Kids from the series include Peri Zarrella, Ryan Michaels, Alex Curcio, Alana Stevens, and Nick Barger.

==Original Series==
The original series premiered on June 16, 2008. A second season premiered on December 15, 2009, and the third and final season premiered on October 17, 2010.

===Season 1 (2008)===

| No. | Title | Original release date | Viewers (millions) |
|---|---|---|---|
| 1 | "The Ghost of Freddie" | June 16, 2008 | N/A |
| 2 | "Fear Management" | June 23, 2008 | N/A |
| 3 | "The Demon House" | June 30, 2008 | N/A |
| 4 | "Night Terrors" | July 7, 2008 | N/A |
| 5 | "Angels and Demons" | July 14, 2008 | N/A |
| 6 | "The Missing Person" | July 21, 2008 | N/A |

===Season 2 (2009-10)===

| No. | Title | Original release date | Viewers (millions) |
|---|---|---|---|
| 7 | "Vanished" | December 15, 2009 | N/A |
| 8 | "Family Secrets" | December 22, 2009 | N/A |
| 9 | "Ghost School" | December 29, 2009 | N/A |
| 10 | "Crossing Over" | January 5, 2010 | N/A |
| 11 | "Demon in the Mirror" | January 12, 2010 | N/A |
| 12 | "Haunted Attic" | January 19, 2010 | N/A |
| 13 | "Terror in the Night" | January 26, 2010 | N/A |
| 14 | "Spirits Among Us" | February 2, 2010 | N/A |

===Season 3 (2010)===

| No. | Title | Original release date | Viewers (millions) |
|---|---|---|---|
| 15 | "Banishing Evil" | October 17, 2010 | N/A |
| 16 | "Psychic Kids Investigates: The Lost Girl" | October 24, 2010 | N/A |
| 17 | "Bloody Maryland" | October 31, 2010 | N/A |
| 18 | "Psychic Kids Investigates: The Disappearance" | November 7, 2010 | N/A |
| 19 | "The House of Spirits" | November 14, 2010 | N/A |
| 20 | "Messages from the Dead: The Lizzie Borden Case" | November 21, 2010 | N/A |
| 21 | "The Lost Soul" | November 28, 2010 | N/A |

==Reboot==
A series reboot premiered on August 21, 2019. The new series shows kids from the original series (now adults) returning to help a new generation of psychic children.

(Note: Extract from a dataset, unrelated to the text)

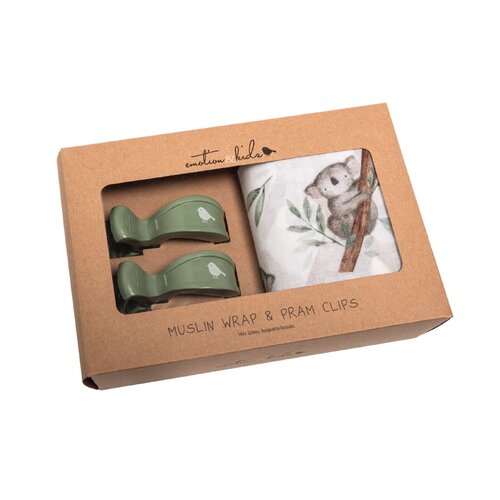 Add a touch of Australian charm to your baby essentials with the Koala Muslin Wrap & Sage Pram Clip Set by Emotion & Kids. Designed for everyday comfort and convenience, this adorable set features a sweet koala print muslin wrap paired with stylish sage pram clips.

Returning psychics include Peri Zarrella, Ryan Michaels, Alex Curcio and Nick Barger.

===Season 1 (2019)===

| No. | Title | Original release date | Viewers (millions) |
|---|---|---|---|
| 1 | "The Ghost in the Bed" | August 21, 2019 | 0.62 |
| 2 | "When Spirits Attach" | August 28, 2019 | 0.42 |
| 3 | "Awake and Afraid" | September 4, 2019 | N/A |
| 4 | "Spirit in the Mirror" | September 11, 2019 | N/A |
| 5 | "Dangerous Games" | September 18, 2019 | N/A |
| 6 | "Make the Spirits Stay" | September 29, 2019 | N/A |
| 7 | "Ghost Sick" | September 29, 2019 | N/A |
| 8 | "Living With Evil" | September 29, 2019 | N/A |

==Reception==
One critic thought Psychic Kids was exploiting children, while some others felt that the psychic mentors in the show handled the situation carefully.